1&1~=Umm April 11, 2019 5:22 PM

@Petre Peter:

“to prove that a cipher that is being used is worthless is one thing, but it is another to propose something better in its place.”

Err your logic is a little unsound.

To say “to prove” implies a quite high level of skill, almost certainly better than that of the ciphers designers at the time they designed it.

Usually proofs implicitly come with either their own solutions or knowledge there can not be a solution. In the former case simply because you can use the method of proof, on a new design to ‘design out’ thay failure mechanism.

fish April 16, 2019 11:38 PM

@carrots

Fun fact, the author of “Cryptography for Dummies” was fooled by that, promoting the scam artist (Robert Grant) who created that website and whose employees (including a rather well-known scam artist) all come from the same fake universities. She continues to believe that the cryptographic community is “abuzz” about this: https://twitter.com/chey_cobb/status/1111758461669384194

I also second watching the video. It’s hilarious.

1&1~=Umm June 12, 2019 2:58 PM

@Jim:

“Consider an enigma machine that changes key
every few seconds.”

You have a limited polyalphabetic cipher inside a substitution cipher. The limited polyalphabetic cipher dependent on a very limited number of fixed wheels has “cycles” that stand out. To get around this the wheels have the simple substitution slugs mounted so they can be moved with respect to the ratcheting of the wheel. But that moves but does not break up the cycles so the ratcheting happens multiple times thus truncating a cycle.

But the truncation is far from sufficient, because the wheel movment is still basically that of the mechanical odometer mile counter in older vehicals. So you need to make other changes. Firstly you need not just a lot more wheels to select from, you need many more in use. You can cheat a little by making the pucks in the wheel reversable that is you can turn them over. You can make the odometer movment different such that wheels step in a very irregular pattern, you might also make some step in reverse.
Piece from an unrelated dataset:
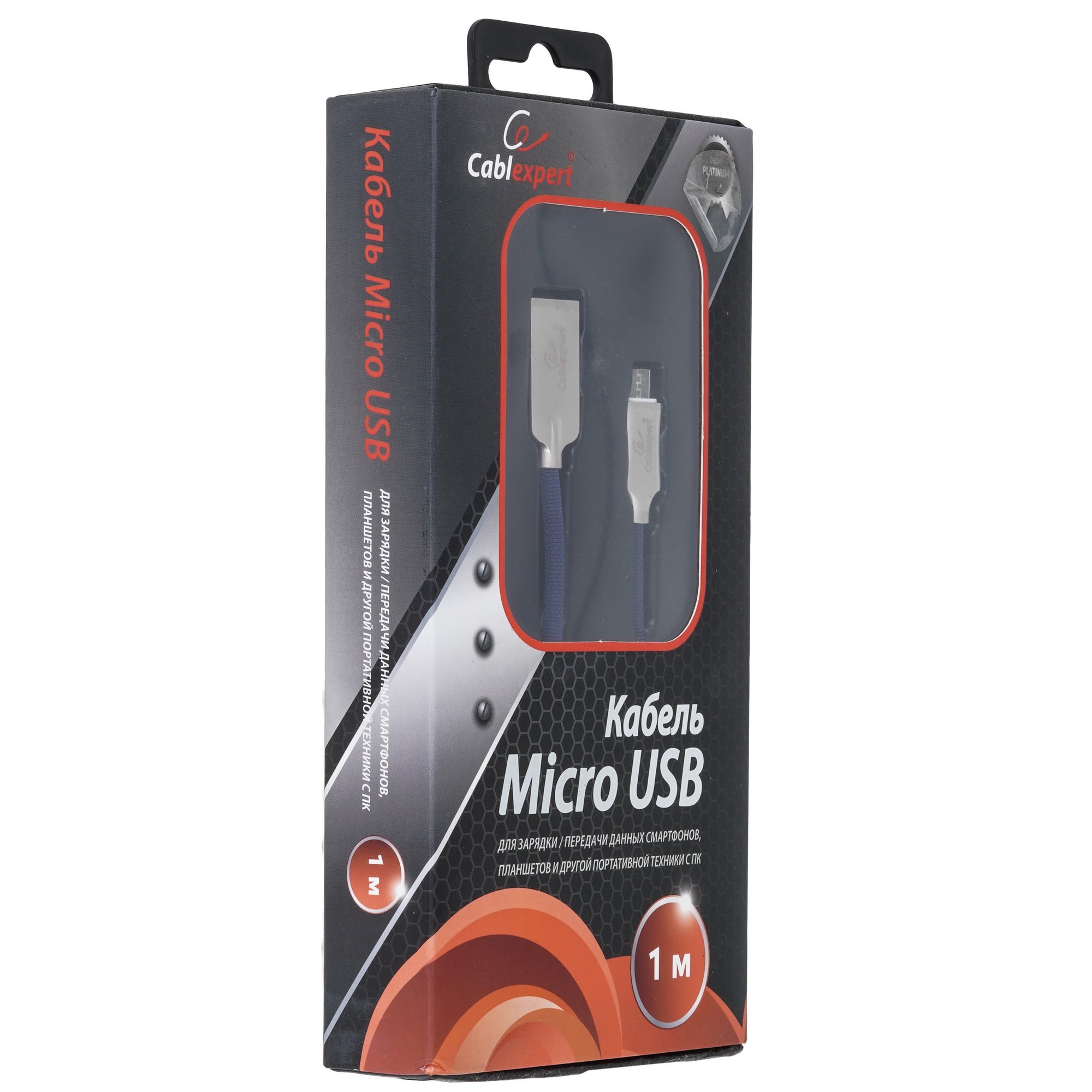 Кабель USB2.0 Cablexpert CC-P-mUSB02Bl-1M, AM/microB, серия Platinum, длина 1м, синий, блистер

All of that was done in some of the last of the mechanical cipher machines. But at the end of the day they are all not just determanistic they are due to other defects in effect reversable. That is you can wind their internal state backwards. Which means that if you can simulate it fast enough you can go through every required state mapping out the actual state. Thus if you have a both enough ‘known plain text’ and it’s coresponding ‘cipher text’ you can analyse it and pull gently at those multiple loose threads that are the message statistics and fully determin the internal state.

Whilst there were ways that could have been done the mechanical complexity would have been to greate and friction would have stopped it working. But worse still mechanical sloop would make more than just a handfull of gearing wheels to inacurate to use. Thus the limit on mechanical ciphers was the laws of nature. Alan Turings contempory at Bletchley and arguably smarter when it came to breaking Enigma Gordon Welchman found this was a limit you could not beat by clever design. The only solution as with the Bombs was to move from mechanics, even electromechanics through into the fully electronic where other laws of nature still apply as we have found out with Moores Law –which is not a law– hitting the buffers of the real laws of thermodynamics.

Thus the trick to making secure determanistic systems is to make the unwinding of the internal state so complex not only is there not enough time in the universe to run the statistics, but also not enough matter to hold all the required states for the statistics to find sufficient meaningfull information.

Oh and the easier way, ‘Roll God’s dice and take a couple of notes for you and your buddy’.